Retype exactly what appears below from the line containing "また、昼食前には先日行われた" down to the line containing "Maak je bestelling", keeping both end lines. Do not include pictures.

Data

────────────────

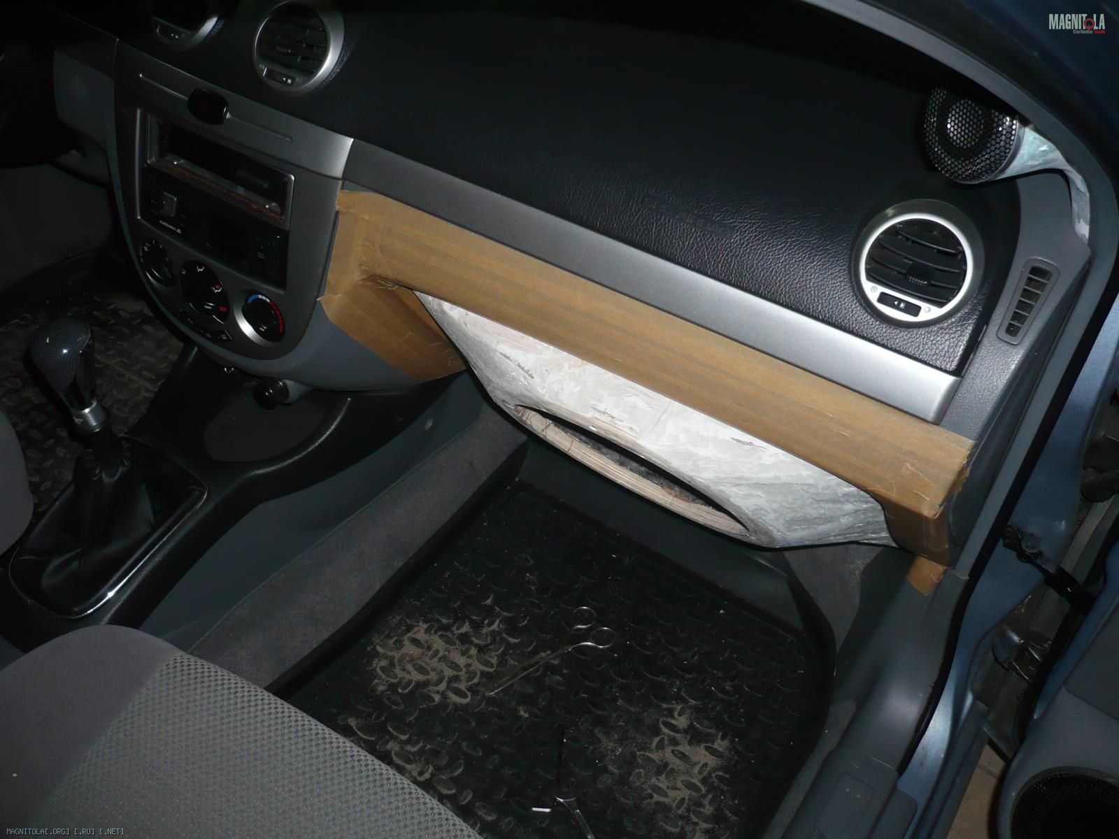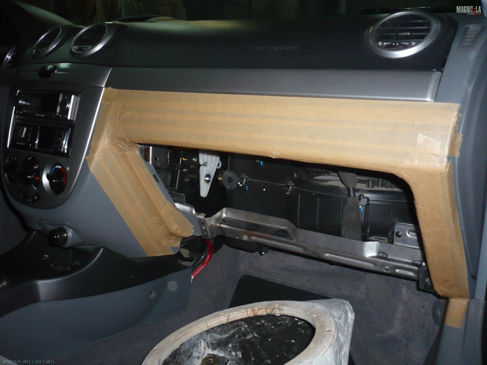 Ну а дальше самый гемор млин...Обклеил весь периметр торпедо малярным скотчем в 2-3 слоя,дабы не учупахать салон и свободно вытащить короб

────────────────

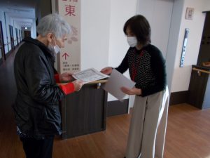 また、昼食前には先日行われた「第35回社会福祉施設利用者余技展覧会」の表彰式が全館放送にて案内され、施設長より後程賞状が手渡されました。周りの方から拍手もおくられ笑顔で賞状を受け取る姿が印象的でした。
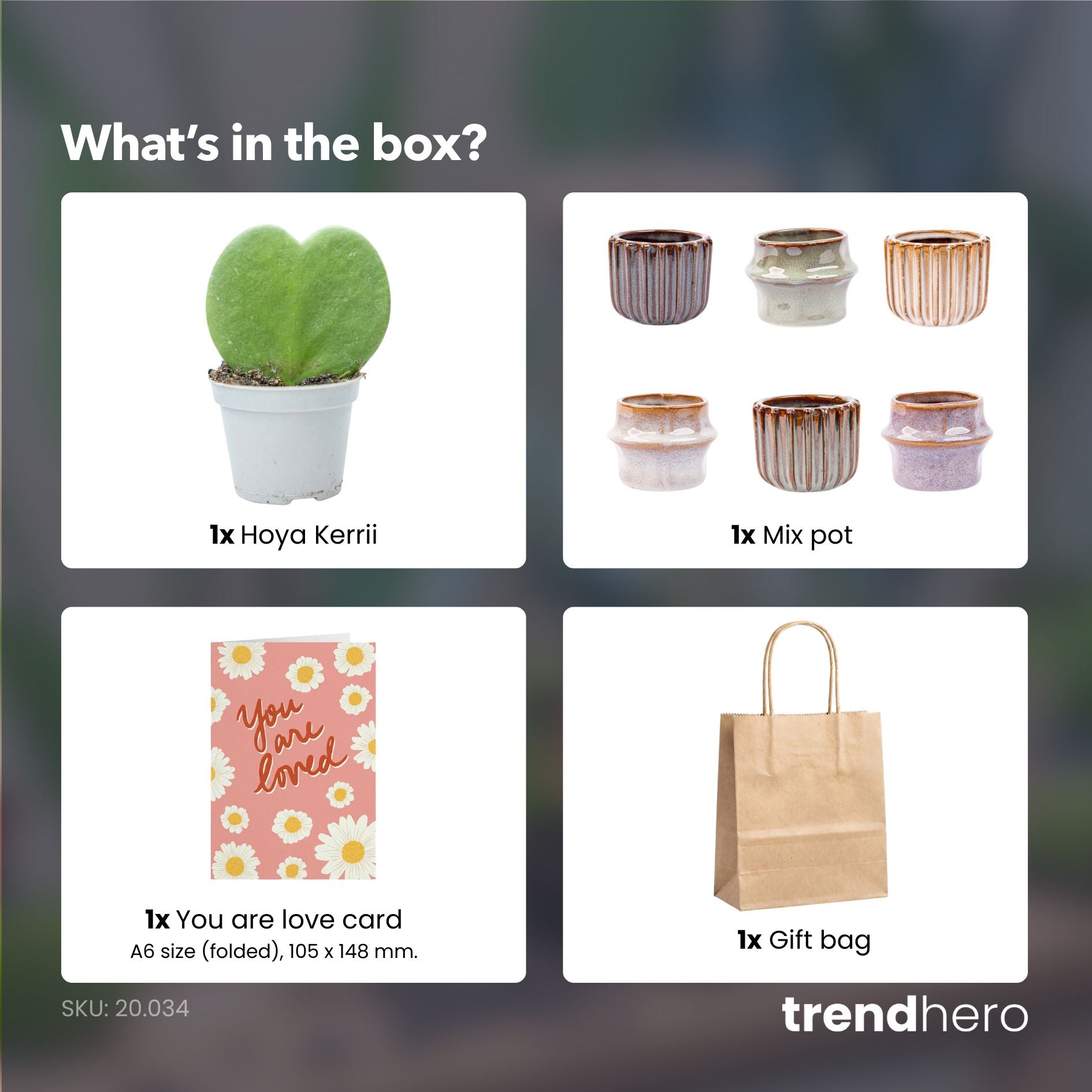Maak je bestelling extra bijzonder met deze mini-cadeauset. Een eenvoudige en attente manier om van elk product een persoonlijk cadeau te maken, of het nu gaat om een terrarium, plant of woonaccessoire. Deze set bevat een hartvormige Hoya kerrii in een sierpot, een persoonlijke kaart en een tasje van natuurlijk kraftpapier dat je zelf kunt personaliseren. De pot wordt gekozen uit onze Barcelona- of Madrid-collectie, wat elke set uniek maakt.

────────────────

Exercise result
 また、昼食前には先日行われた「第35回社会福祉施設利用者余技展覧会」の表彰式が全館放送にて案内され、施設長より後程賞状が手渡されました。周りの方から拍手もおくられ笑顔で賞状を受け取る姿が印象的でした。
Maak je bestelling extra bijzonder met deze mini-cadeauset. Een eenvoudige en attente manier om van elk product een persoonlijk cadeau te maken, of het nu gaat om een terrarium, plant of woonaccessoire. Deze set bevat een hartvormige Hoya kerrii in een sierpot, een persoonlijke kaart en een tasje van natuurlijk kraftpapier dat je zelf kunt personaliseren. De pot wordt gekozen uit onze Barcelona- of Madrid-collectie, wat elke set uniek maakt.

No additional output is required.